The Science Behind Protein: The Optimal Amount of Protein in the Diet Based on Age and Activity Level

Different amounts of protein are needed at different stages of life. Learn about protein, how much you need, and what happens when you don’t get enough.

Did you know you need different amounts of protein in your diet during different life stages? What you need as an adolescent isn’t the same as a 50-year old, or even an 80-year old. Let’s look at the recommended amounts of protein you need across the lifespan, why it’s important to get enough protein, and what happens when you don’t. But first, what really is protein?

Protein: An Essential Macronutrient

Protein is one of the three essential macronutrients our bodies need in large amounts – right next to carbohydrates and fats. Because the body doesn’t store protein, we need to eat it every day. Protein intake is an essential part of building and repairing tissues, making enzymes and hormones, building and maintaining muscle, repairing cells, and healthy growth and development in early life. 
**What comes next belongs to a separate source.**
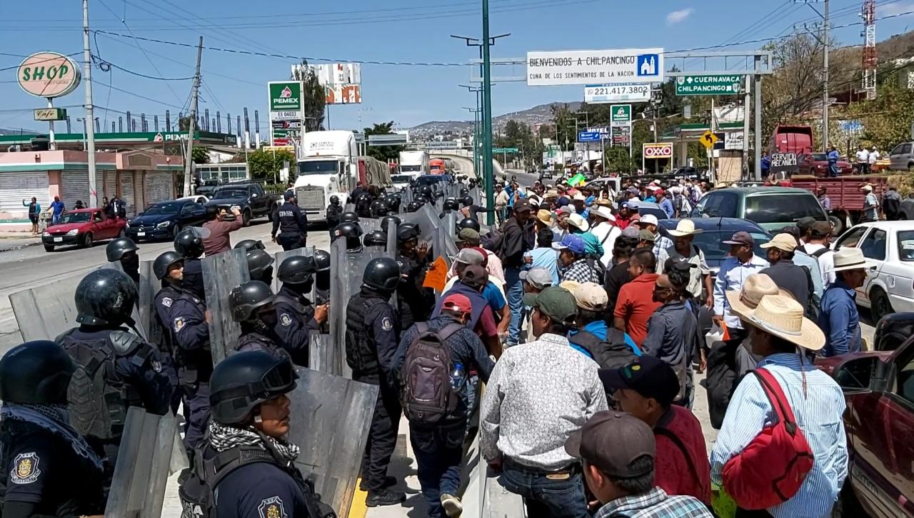 Sin acuerdos, los campesinos bloquearon nuevamente la Autopista del Sol en sus dos sentidos, y de inmediato los elementos policiacos iniciaron el desalojo, utilizando escudos, filetes y gas lacrimógeno en contra de los manifestantes.

The building blocks of protein are amino acids. There are 20 different types of amino acids that can be combined in various ways to make protein. Of these, nine are considered essential – meaning they cannot be produced by our bodies and must be obtained through our diet. When we eat protein, our body breaks it down into individual amino acids, which are then used to build new proteins. Some commonly known amino acids include leucine, tryptophan, and lysine.

Protein can come from animal or plant sources. Common sources of animal protein include meat, poultry, and fish. Plant protein sources include beans, tofu, tempeh, and certain whole grains. Protein supplements like protein powder also contain high amounts of protein, but whole foods are always the preferred source. 

You may be asking yourself which is better – animal or plant based protein? Animal protein contains all the essential amino acids needed by the body. Plus, it’s often well digested. Plant protein has a less optimal distribution profile of amino acids and has lower digestibility. Because of this, high-quality animal protein has a greater ability to enhance muscle synthesis and support lean muscle mass than plant protein.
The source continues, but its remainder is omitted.